Po ustaleniu miejsca pobytu Korbońskiego, Komar polecił swemu podwładnemu spotkanie się z posłem i zwrócenie mu uwagi, że „mimo pójścia na obcy chleb, polska nasza ręka mogła go jak w kraju, tak też może zagranicą dosięgnąć. Chwilowo nam na tym nie zależy. (…) Zaznaczam, że rozmowę całą przeprowadzić z odcieniem cynizmu, wyrażając zdziwienie, iż nie jest on od dłuższego czasu w strefie angielskiej”. Ostatecznie wobec sprzeciwu Korbońskiego do planowanego spotkania nie doszło.
Korboński w wywiadzie dla „Wiadomości Polskich” – pisma szwedzkiej Polonii – jednoznacznie stwierdził, iż „próba współpracy z komunistami była błędem. Chcieliśmy być lojalni i PSL przez cały czas nie wyszło poza ramy opozycji legalnej. Okazuje się, że komuniści w ogóle nie mieli zamiaru współpracować z kimkolwiek.

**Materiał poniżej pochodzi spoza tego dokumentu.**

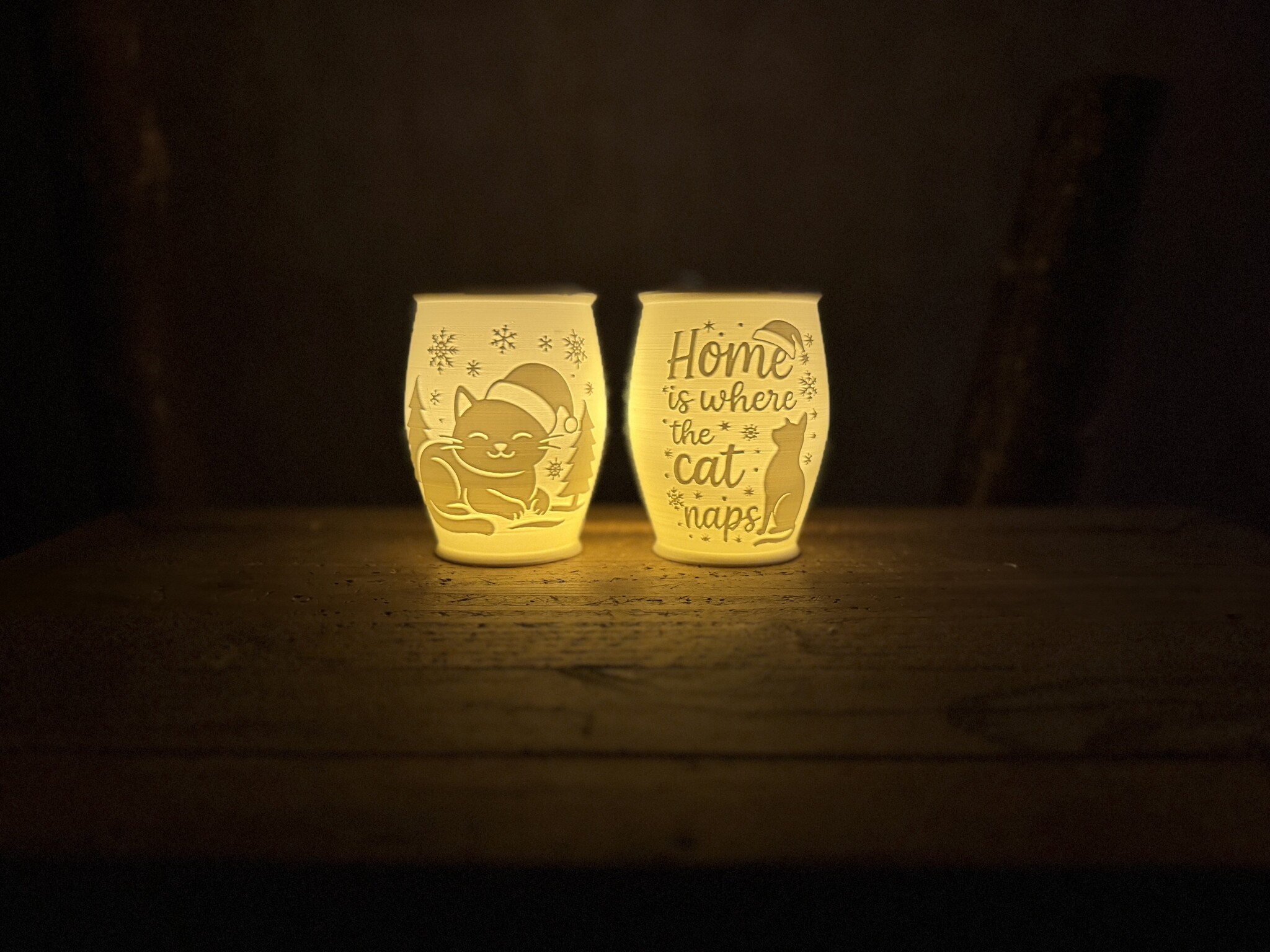 3D print Christmas Tea Light Lamp Home Cat Pos, inclusief led theelichtje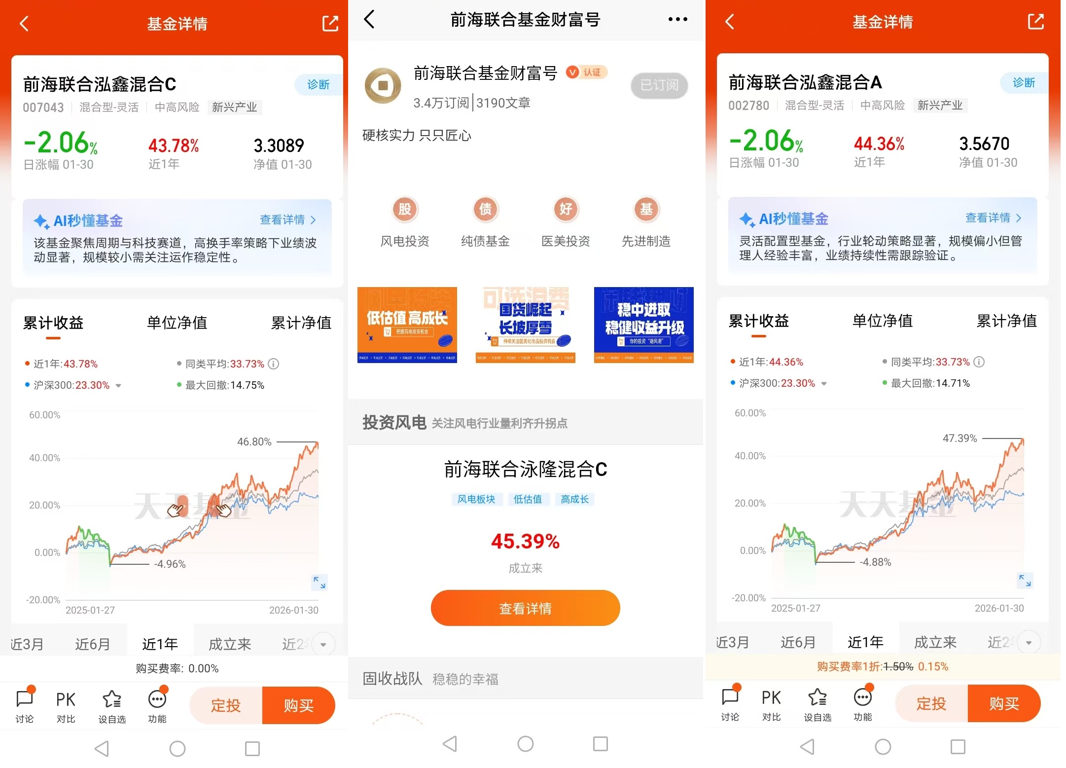 转机是去年冬天,小区里的老邻居张阿姨跟我聊天,说她投了前海联合泓鑫混合型基金A/C,一年下来赚了不少,不仅没亏本金,收益还比银行存款高好几倍。我一开始还不信,反复问她“真的不会亏吗”,张阿姨笑着说,这只基金不盲目跟风,既买了人工智能、新能源这些能赚钱的新科技公司,又买了银行、矿产这些稳当的老产业股票,就算市场跌了,稳当的板块也能撑着,波动不大。她还拿出自己的基金持仓截图给我看,去年四季度这只基金的净值增长率有3.02%,利润也有107.26万元,不是那种虚头巴脑的噱头。

Wymagali posłuszeństwa i podporządkowania i to nazywali współpracą” i kategorycznie podkreślił, iż „wybory zostały sfałszowane, a rząd wyłoniony z takiego sejmu nie reprezentuje kraju”.
„Jak się wydaje pali za sobą wszystkie mosty – oceniał mjr Nadzin w raporcie dla centrali – sytuację w kraju opisuje w najczarniejszych barwach, (…) o Cyrankiewiczu wyraża się w najbardziej oszczerczych słowach jako o socjaliście z legitymacją PPR zaszytą w kamizelce”.
Jednocześnie z podjęciem akcji w Szwecji, komunistyczna bezpieka przeprowadziła aresztowania osób podejrzewanych o zorganizowanie ucieczki posła. Aresztowani zostają: Jerzy Michalewski, Bronisława Janiszewska, Zofia Mieszkowska i Jerzy Śmiechowski. Wszyscy zostali oskarżeni o prowadzenie działalności antypaństwowej i osadzeni w ubeckich aresztach w Gdańsku i Warszawie.
Oprócz Polaków, ubecy aresztują także kilku obywateli szwedzkich ( w tym Karla Nilsena), a komunistyczna prasa poinformowała o „wykryciu afery przemytu ludzi z Polski”, w którą zamieszany miał być szwedzki konsul w Gdańsku. Wedle Polskiej Agencji Prasowej „niektórzy obywatele szwedzcy oraz niektóre szwedzkie jednostki pływające zamieszane są w organizowanie przemytu do Szwecji osób nielegalnie opuszczających Polskę, (…) akcja przemytu uprawiana była od szeregu miesięcy”.
Błyskawiczne aresztowanie Polaków i Szwedów, pomagających w ucieczce Korbońskiego wskazuje, iż ubecja dokładnie spenetrowała środowisko marynarzy, uczestniczących w organizacji ucieczek z „komunistycznego raju”, a przedostanie się posła do Szwecji jedynie przyspieszyło ujawnienie całego procederu.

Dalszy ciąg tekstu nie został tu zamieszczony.